[Your instructions]
Pictures stay out; please output the remaining data exactly.

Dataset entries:
----------------

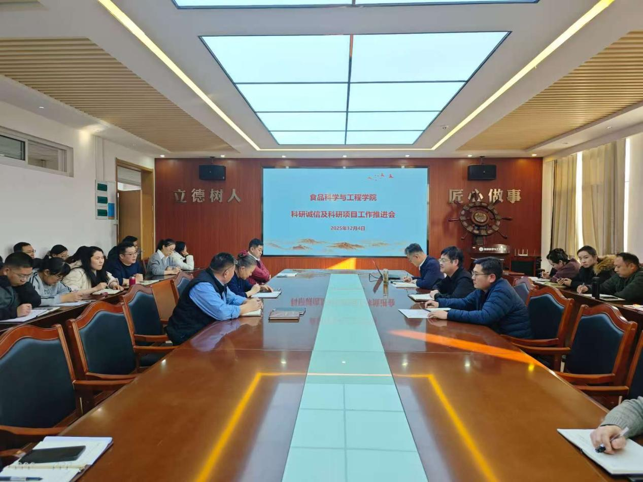 12月4日,太阳成集团tyc522cc在食品楼会议室召开科研诚信及科研项目工作推进会,全体教职工参加会议,会议由公司副经理杨庆利主持。
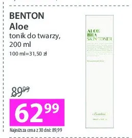 Cena produktu r贸偶ni si臋 w zale偶no艣ci od wybranego sklepu. Niestety nie posiadamy danych o aktualnych promocjach, jednak w艣r贸d archiwalnych ofert Tonik z aloesem Benton cosmetics kosztuje od 49,99 z艂 do 84,99 z艂.
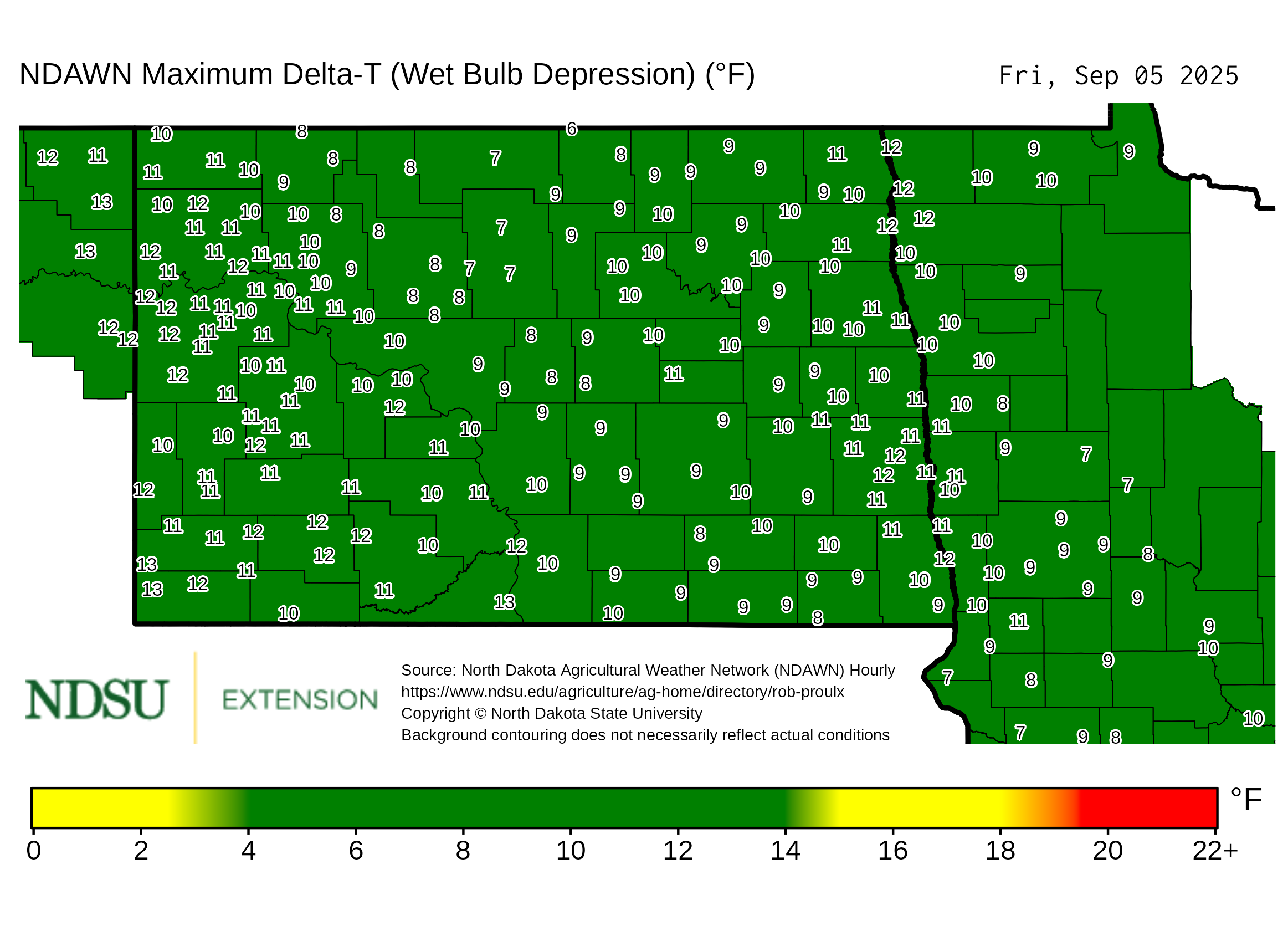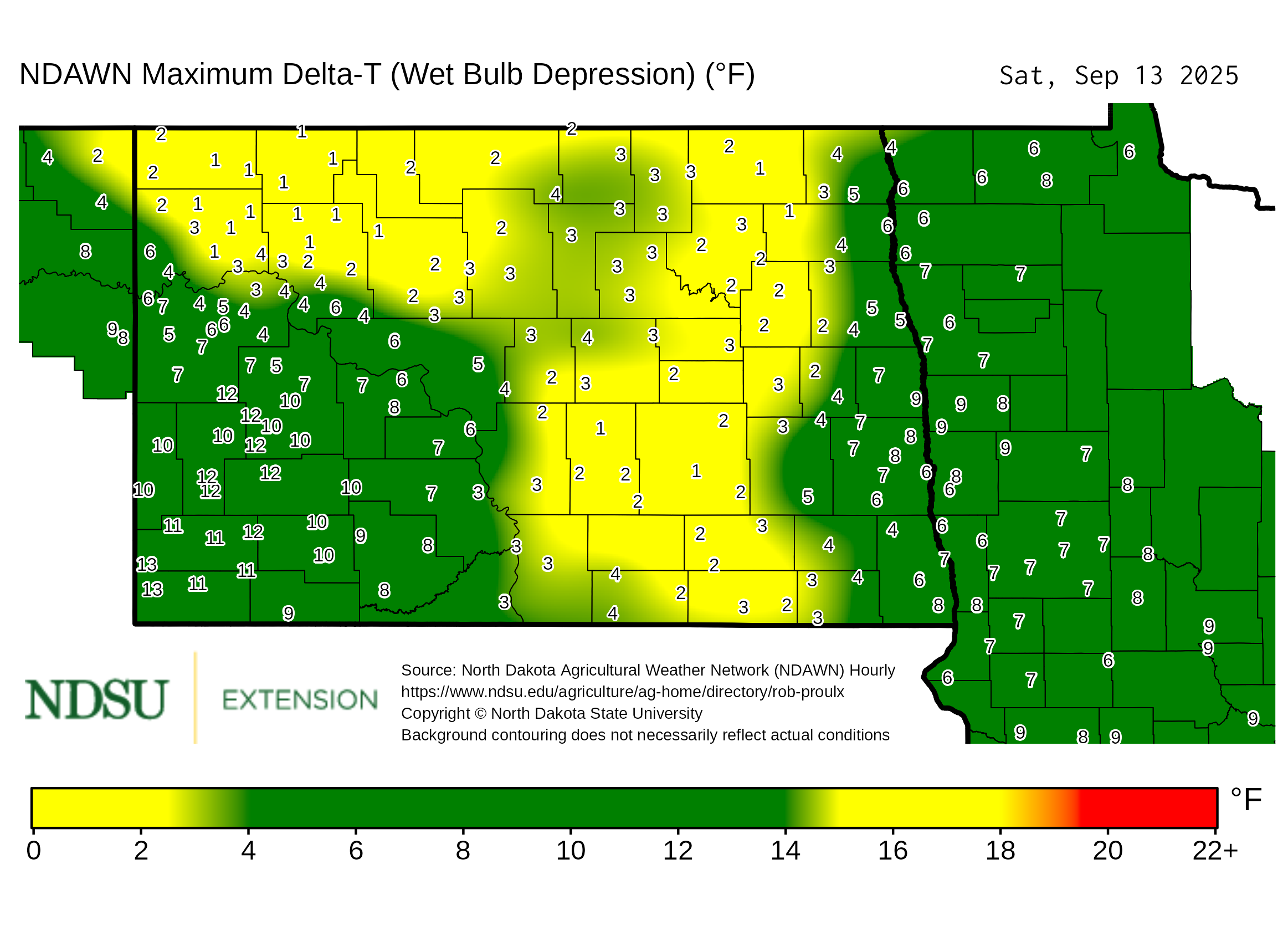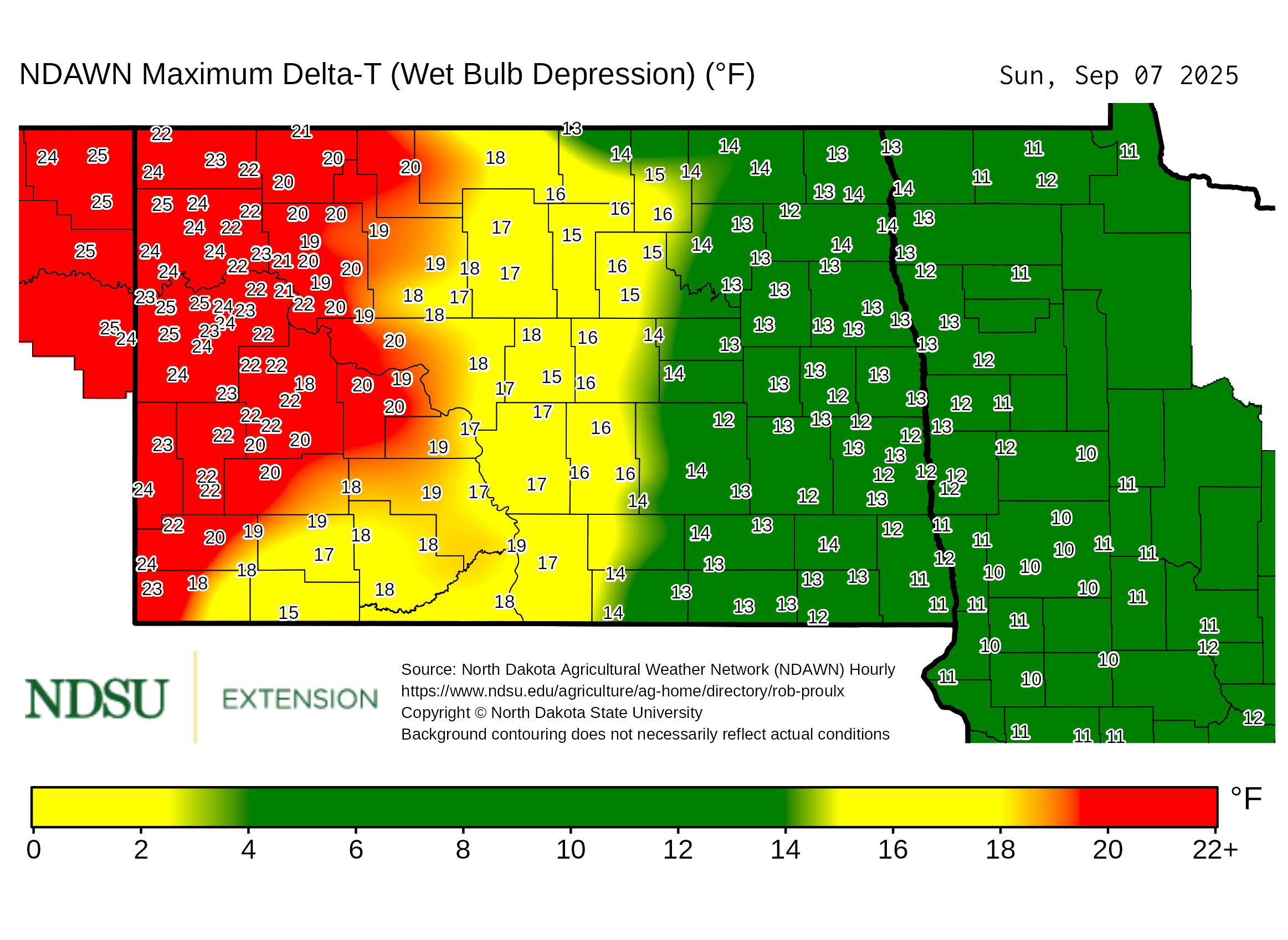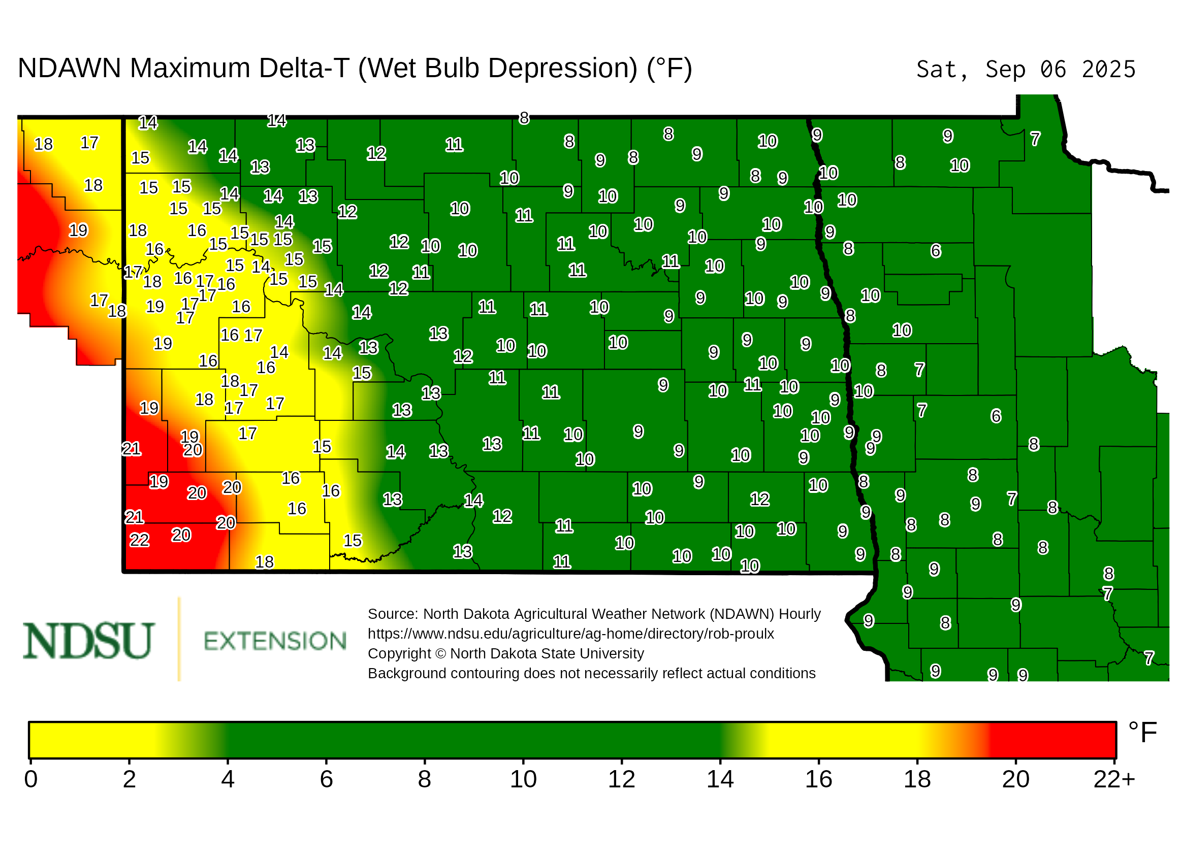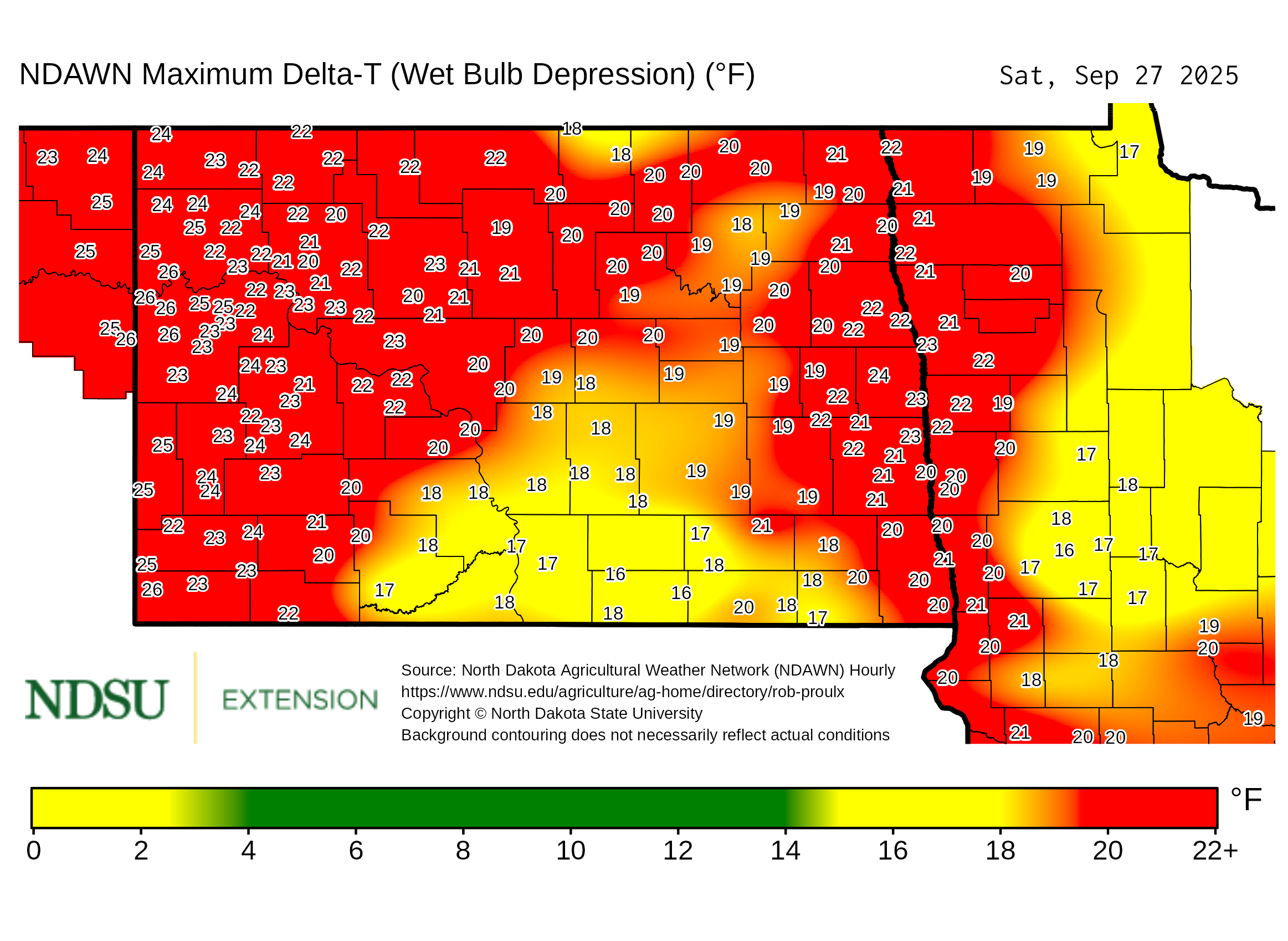 Historical maximum Delta T derived from North Dakota Agricultural Weather Network hourly data, which is available at
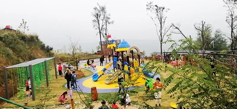 甘山晟境儿童休闲区选用了开云游乐生产的跨国欢乐岛滑梯、动物系列滑梯、攀爬墙‘爬网、摇摇乐、旋转转椅、音乐版等游乐设备,给小朋友提供了休闲、玩耍的场所。
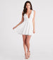 You'll be the loveliest of them all in this chiffon skater dress - a stunning option for bridal showers, graduations, or dressy parties! The short dress features a sleeveless plunge V-neckline along the front and back, a ruched high waist, and a flowy fit and flare silhouette. Complete the look with rhinestone block heels for some shine!
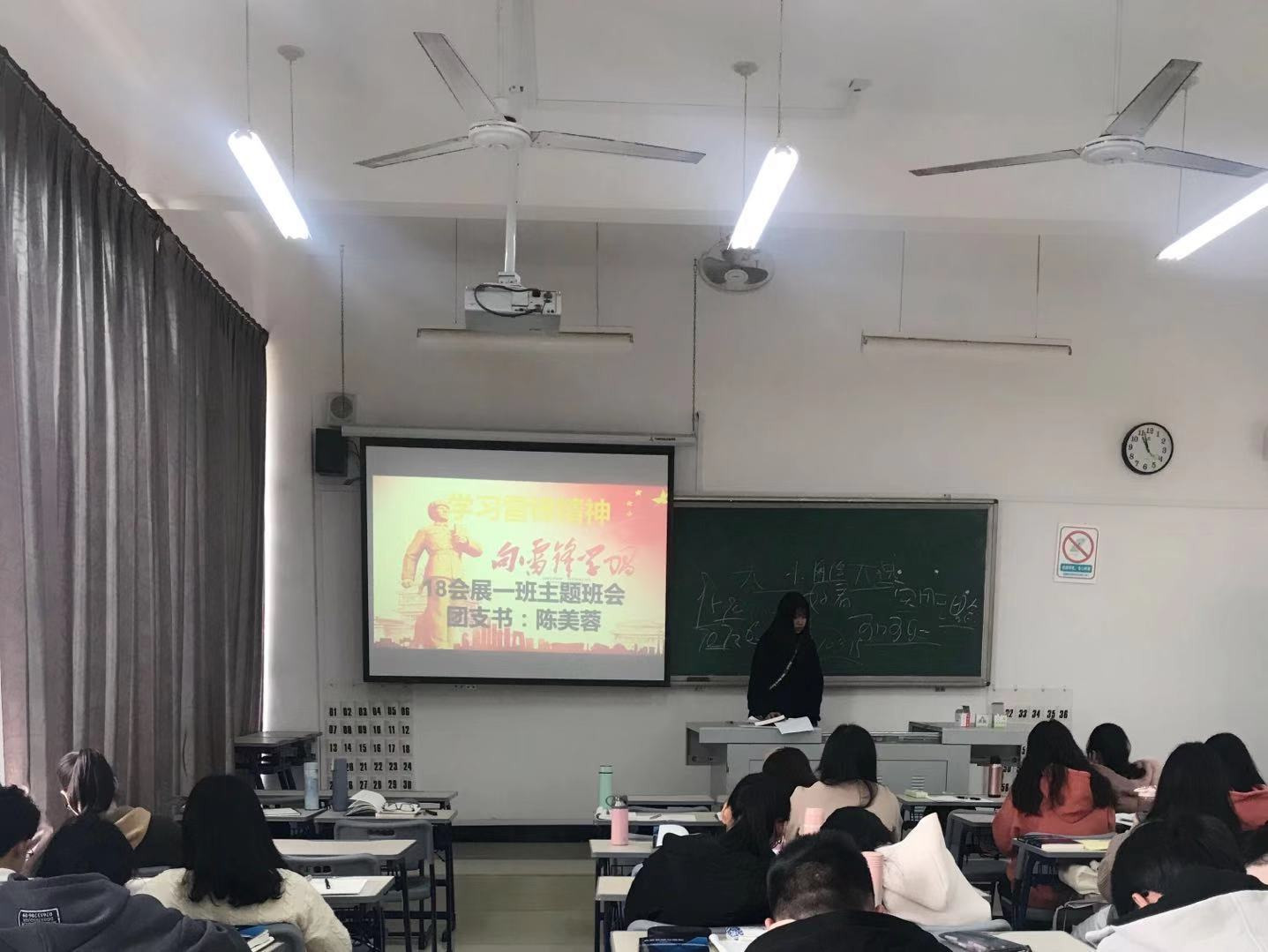 本次活动,为了深入学习贯彻习近平新时代中国特色社会主义思想和党的十九大精神,弘扬中华民族传统美德,引导广大青年学生继承优良传统,弘扬志愿服务精神。各班团支书都带领了班级同学观看了有关于雷锋精神的电影,并为本班同学讲解了雷锋精神以及如何继承雷锋精神。从影片中这些让人感动的小故事中,大家也感受到了集体的力量,正如雷锋说过的一句话:“一滴水只有放进大海里才能永远不干,一个人只有当他把自己和集体融合在一起的时候才能有力量。”有一些同学也积极发言与全班共同分享了自己曾经所做过的好人好事,以及应该怎么在日常生活本次会议在一定程度上能够筑牢班级同学们的思想道德防线,调动了班级同学的奋斗积极性。对同学的思想道德有了更深的影响,对雷锋精神有了更进一步的了解。

----------------

[Task solution]
 12月4日,太阳成集团tyc522cc在食品楼会议室召开科研诚信及科研项目工作推进会,全体教职工参加会议,会议由公司副经理杨庆利主持。
 Cena produktu r贸偶ni si臋 w zale偶no艣ci od wybranego sklepu. Niestety nie posiadamy danych o aktualnych promocjach, jednak w艣r贸d archiwalnych ofert Tonik z aloesem Benton cosmetics kosztuje od 49,99 z艂 do 84,99 z艂.
 Historical maximum Delta T derived from North Dakota Agricultural Weather Network hourly data, which is available at
 甘山晟境儿童休闲区选用了开云游乐生产的跨国欢乐岛滑梯、动物系列滑梯、攀爬墙‘爬网、摇摇乐、旋转转椅、音乐版等游乐设备,给小朋友提供了休闲、玩耍的场所。
 You'll be the loveliest of them all in this chiffon skater dress - a stunning option for bridal showers, graduations, or dressy parties! The short dress features a sleeveless plunge V-neckline along the front and back, a ruched high waist, and a flowy fit and flare silhouette. Complete the look with rhinestone block heels for some shine!
 本次活动,为了深入学习贯彻习近平新时代中国特色社会主义思想和党的十九大精神,弘扬中华民族传统美德,引导广大青年学生继承优良传统,弘扬志愿服务精神。各班团支书都带领了班级同学观看了有关于雷锋精神的电影,并为本班同学讲解了雷锋精神以及如何继承雷锋精神。从影片中这些让人感动的小故事中,大家也感受到了集体的力量,正如雷锋说过的一句话:“一滴水只有放进大海里才能永远不干,一个人只有当他把自己和集体融合在一起的时候才能有力量。”有一些同学也积极发言与全班共同分享了自己曾经所做过的好人好事,以及应该怎么在日常生活本次会议在一定程度上能够筑牢班级同学们的思想道德防线,调动了班级同学的奋斗积极性。对同学的思想道德有了更深的影响,对雷锋精神有了更进一步的了解。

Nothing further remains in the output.